**Exercise details**
What you return should be the full listing, copied exactly and stripped of its pictures.

**Collected data**
* * * *
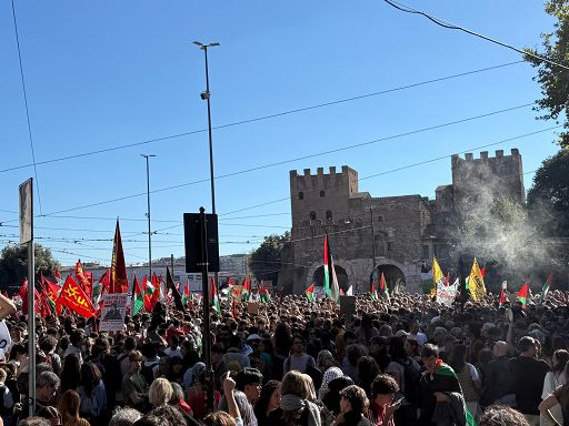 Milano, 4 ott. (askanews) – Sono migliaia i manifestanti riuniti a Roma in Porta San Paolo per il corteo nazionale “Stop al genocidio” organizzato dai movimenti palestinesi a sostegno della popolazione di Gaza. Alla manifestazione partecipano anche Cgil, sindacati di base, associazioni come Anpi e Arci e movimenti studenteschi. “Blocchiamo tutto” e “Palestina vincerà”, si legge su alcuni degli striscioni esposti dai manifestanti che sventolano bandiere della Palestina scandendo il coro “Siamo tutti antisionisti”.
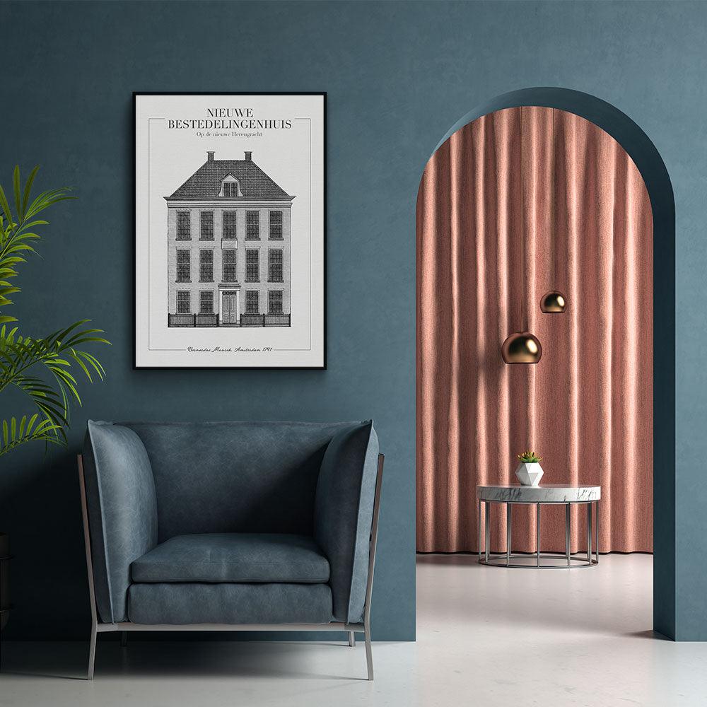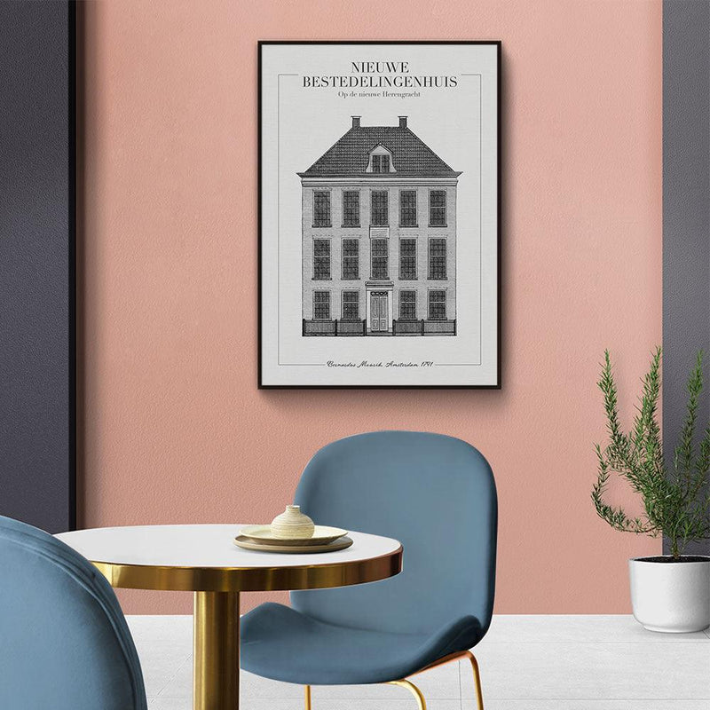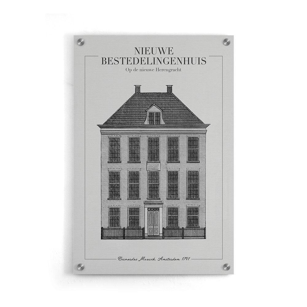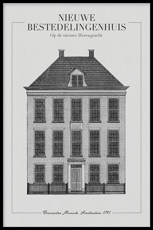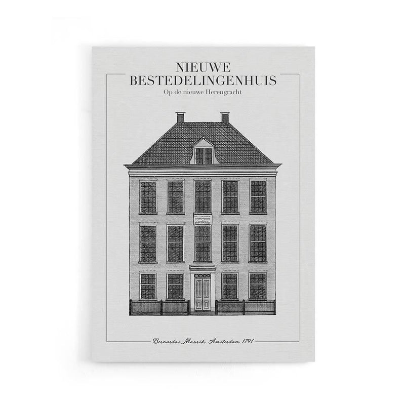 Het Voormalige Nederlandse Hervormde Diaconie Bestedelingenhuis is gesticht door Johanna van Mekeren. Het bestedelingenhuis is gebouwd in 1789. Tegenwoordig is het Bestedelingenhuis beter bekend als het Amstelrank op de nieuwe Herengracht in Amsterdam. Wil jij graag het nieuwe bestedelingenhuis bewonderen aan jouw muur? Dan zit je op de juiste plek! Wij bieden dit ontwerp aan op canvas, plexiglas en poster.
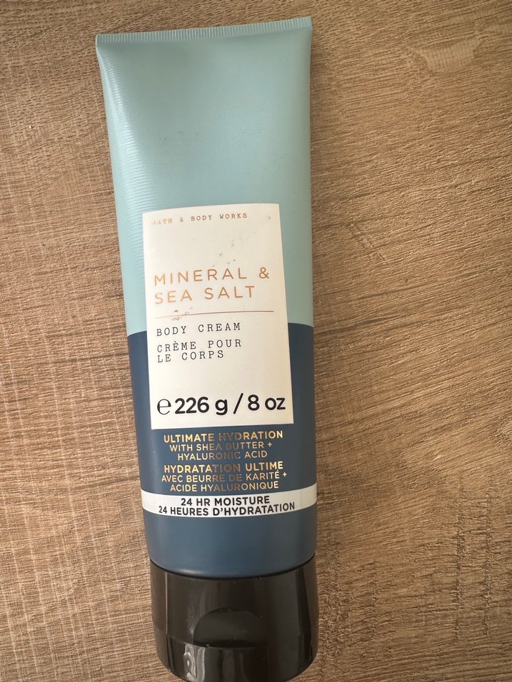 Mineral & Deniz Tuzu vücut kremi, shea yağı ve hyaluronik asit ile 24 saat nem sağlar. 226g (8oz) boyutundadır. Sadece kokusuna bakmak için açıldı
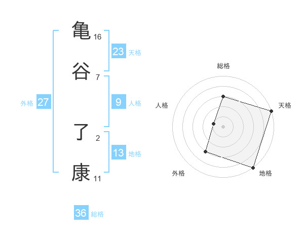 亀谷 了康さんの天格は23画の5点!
* * * *
**Output below**
 Milano, 4 ott. (askanews) – Sono migliaia i manifestanti riuniti a Roma in Porta San Paolo per il corteo nazionale “Stop al genocidio” organizzato dai movimenti palestinesi a sostegno della popolazione di Gaza. Alla manifestazione partecipano anche Cgil, sindacati di base, associazioni come Anpi e Arci e movimenti studenteschi. “Blocchiamo tutto” e “Palestina vincerà”, si legge su alcuni degli striscioni esposti dai manifestanti che sventolano bandiere della Palestina scandendo il coro “Siamo tutti antisionisti”.
 Het Voormalige Nederlandse Hervormde Diaconie Bestedelingenhuis is gesticht door Johanna van Mekeren. Het bestedelingenhuis is gebouwd in 1789. Tegenwoordig is het Bestedelingenhuis beter bekend als het Amstelrank op de nieuwe Herengracht in Amsterdam. Wil jij graag het nieuwe bestedelingenhuis bewonderen aan jouw muur? Dan zit je op de juiste plek! Wij bieden dit ontwerp aan op canvas, plexiglas en poster.
 Mineral & Deniz Tuzu vücut kremi, shea yağı ve hyaluronik asit ile 24 saat nem sağlar. 226g (8oz) boyutundadır. Sadece kokusuna bakmak için açıldı
 亀谷 了康さんの天格は23画の5点!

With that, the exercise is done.